Vive le NZ bifteck! EU-NZ negotiations start in June

News that trade negotiations will begin between New Zealand and the European Union, the country's third-largest trading partner, has been well received by local business chiefs.

The agreement to start negotiations represents a significant milestone for the sector in the face of growing protectionist rhetoric worldwide, says Beef + Lamb New Zealand chief executive Sam McIvor. "The FTA [free trade agreement] will create a stable and level playing field which is crucial to the growth and future prosperity of the sheep and beef sector and New Zealand as a whole."

New Zealand pays approximately $53 million in tariffs per year on its red meat exports to the EU, McIvor says.

The Council of the European Union authorised the opening of talks with New Zealand and Australia overnight and EU Trade Commissioner Cecilia Malmström will travel to New Zealand in June for the formal launch of negotiations.

European Commission president Jean-Claude Juncker says the Australasian negotiations are the latest in a series for the Europeans. "These agreements will build on the recent successful agreements with Canada, Japan, Singapore, Vietnam, as well as Mexico among others, expanding the alliance of partners committed to open and rules-based global trade."

The European Union is an important market for New Zealand red meat products, with over $1.8 billion-worth sent there in 2017.

Two-way trade between New Zealand and the EU is worth more than $20 billion a year. "Even excluding the UK, our trade with the EU is worth about $16 billion annually, Trade and Export Growth Minister David Parker said.

McIvor says the European Union is an important market for New Zealand red meat products, with over $1.8 billion-worth sent there in 2017. It is New Zealand’s largest market by region for sheepmeat exports and second-largest for wool and chilled beef exports.

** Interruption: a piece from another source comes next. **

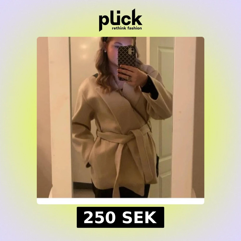 Säljer en beige kappa med omlott-design och bälte i midjan. Jackan har en stilren look med breda slag och långärmade ärmar. Perfekt för dig som gillar minimalistisk och clean stil. Materialet känns mjukt och har en snygg fall.

Meat Industry Association chief executive Tim Ritchie says New Zealand faces significant tariff and non-tariff barriers into this market, including the approximately $53 million on red meat exports.

A successful NZ-EU free trade agreement would generate new opportunities for agricultural and food producers, he says.

ExportNZ executive director Catherine Beard is also upbeat. Having competitive access into such a big trade bloc would be a huge boost for New Zealand exporters, she says. "We still face significant tariffs on many of our agricultural exports in European markets, which reduce our competitiveness in those markets."

EU Trade Commissioner Cecilia Malmström says trade negotiations are a win-win. "They create new opportunities for our businesses, as well as safeguarding high standards in key areas such as sustainable development," she says.

According to the EU, having trade agreements with Australia and New Zealand would provide EU businesses with a valuable entry point into the wider Asia-Pacific region. They will also put European companies on an equal footing with those from the other countries in the area that have signed up to the Comprehensive and Progressive Agreement for Trans-Pacific Partnership (CPTPP) or that already enjoy better access to Australia and New Zealand through other preferential trade agreements.

The first rounds of talks is set down for July in Brussels. The Ministry of Foreign Affairs and Trade estimates negotiations could take two to three years.